INFORMATION SUPPLIED:

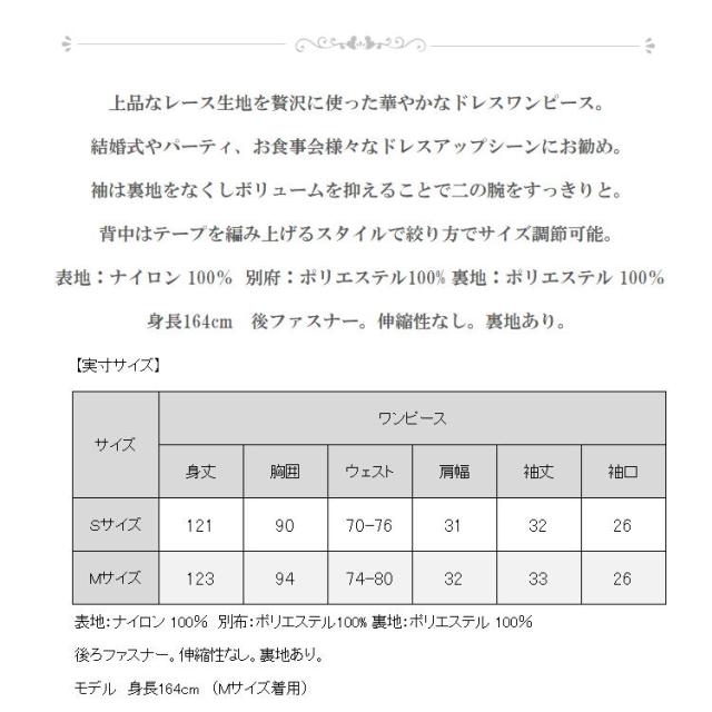 上品なレース生地を贅沢に使った華やかなドレスワンピース。
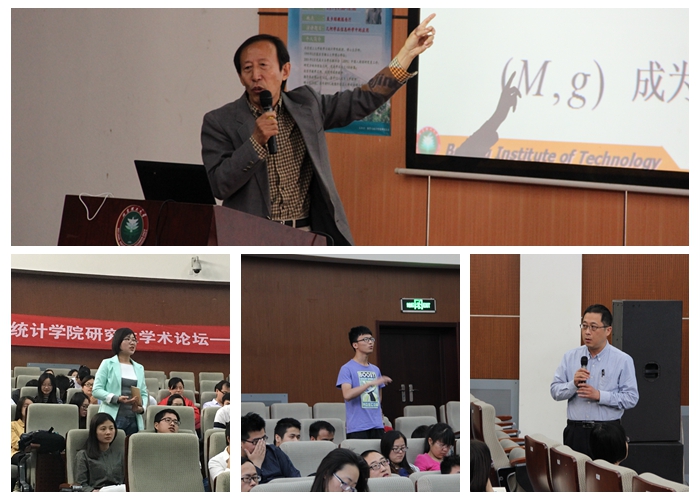 为了加强研究生之间的学术交流,活跃学院师生学术氛围,加强对研究生们科研能力和创新意识的培养,训练研究生表达学术成果以及在学术交流中敢于质疑、善于发现的能力,5月7日上午9点半,数学与统计学院第五届“宽之藉数,厚以博学”研究生学术论坛如期在良乡综合报告厅举办。本届论坛邀请了数学学院孙华飞教授进行学术报告,出席此次论坛的还有数学与统计学院蒋立宁教授、田玉斌教授、王一夫教授,王国亮老师,由他们和孙华飞教授共同担任此次学术论坛评委。数学与统计学院全体研究生参加了此次论坛。
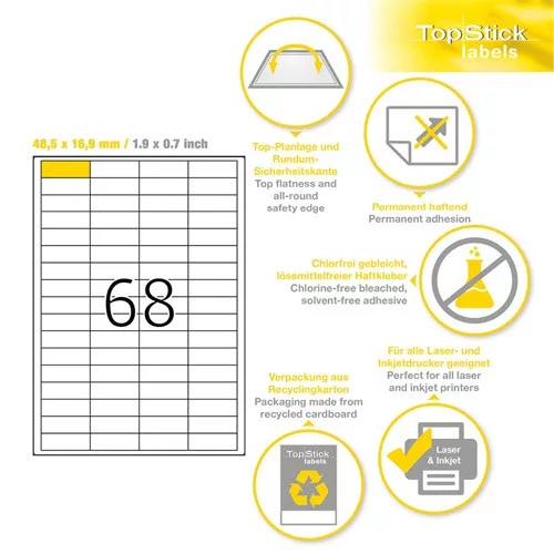 Topstick Etikett címke Topstick 48.5x16.9 mm szegéllyel 100 ív 6800 db/doboz

DIRECTIONS:
Retyping is limited to the line with "为了加强研究生之间的学术交流" and the lines after it in the material above; give them exactly and leave out the pictures.

EXPECTED ANSWER:
 为了加强研究生之间的学术交流,活跃学院师生学术氛围,加强对研究生们科研能力和创新意识的培养,训练研究生表达学术成果以及在学术交流中敢于质疑、善于发现的能力,5月7日上午9点半,数学与统计学院第五届“宽之藉数,厚以博学”研究生学术论坛如期在良乡综合报告厅举办。本届论坛邀请了数学学院孙华飞教授进行学术报告,出席此次论坛的还有数学与统计学院蒋立宁教授、田玉斌教授、王一夫教授,王国亮老师,由他们和孙华飞教授共同担任此次学术论坛评委。数学与统计学院全体研究生参加了此次论坛。
 Topstick Etikett címke Topstick 48.5x16.9 mm szegéllyel 100 ív 6800 db/doboz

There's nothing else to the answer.